# The first building for the Zia and Columbine RR



## placitassteam (Jan 2, 2008)

I have finally started constructing buildings for the Zia and Columbine RR. As my railroad is a
representation of Colorado and New Mexico narrow gage (the Zia sun symbol for NM and the
Columbine flower for CO) the scale is 1:20. I plan to have all my buildings to be representations
of historic CO and NM structures. The first building I modeled is the Dolores CO station which
was on the Rio Grande Southern RR where the "Galloping Geese" ran. 
Here is a picture of the finished station with 3 of the Geese in front.









We visited the station a couple of years ago and when I asked if they had any information that
would be helpful in modeling the building they sold me a full set of blueprints for $5! That made
things much easier than modeling from photos.
I started with a form built of pink insulation board glued with Loctite molding and paneling
adhesive in a caulking gun tube and fastened with sheet rock screws.

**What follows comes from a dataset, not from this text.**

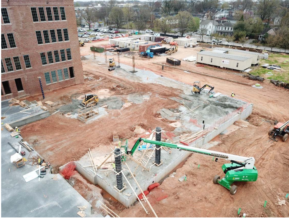
Completed Brick Restoration – Westside of East Wing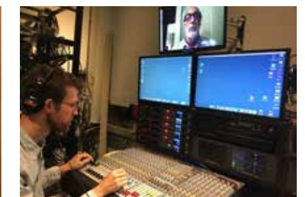
Crewing a KPFA Roundtable

The roof is made from salvaged corrugated plastic political signs glued with PL polyurethane
adhesive in a caulking gun tube. I had a hard time finding anything that would stick to the sign
material very well and not melt the pink foam.









There 6 LED's to light the inside of the building, 3 in the upstairs living quarters and 3 in the
waiting room. There is no interior detail except for a counter with a dispatcher in the alcove on
the front of the station. It turned out that even that detail is hard to see.

The windows were cut from 3/16 inch thick plexiglass then the table saw was used to mill
grooves for the framing. The framing was made from styrene rods of various sizes laid in the
grooves and attached with plastic weld. The doors were made in the same way. I left the
protective paper on the plexiglass until the frames were painted to act as masking.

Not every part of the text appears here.